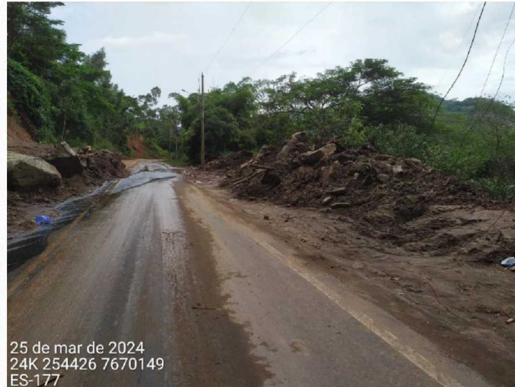
Escorregamento 02 - Imagem da pista após a ocorrência do desastre.
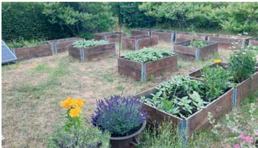
Et bevis på at der satses mere på at dyrke afgrøder end på prydhave

tage billeder, men hun ville ikke fotograferes. Hendes grund var på 6-700 m 2 , som vist nok var den største, til forskel fra de fleste andre haver, der lå på 4-500 m 2 . Fælleshåb består af 101 haver. Som den eneste forening, så er deres en andelsfor-

Action item: Output the material above verbatim but exclude each picture.

Answer to this problem:
Escorregamento 02 - Imagem da pista após a ocorrência do desastre.
Et bevis på at der satses mere på at dyrke afgrøder end på prydhave

tage billeder, men hun ville ikke fotograferes. Hendes grund var på 6-700 m 2 , som vist nok var den største, til forskel fra de fleste andre haver, der lå på 4-500 m 2 . Fælleshåb består af 101 haver. Som den eneste forening, så er deres en andelsfor-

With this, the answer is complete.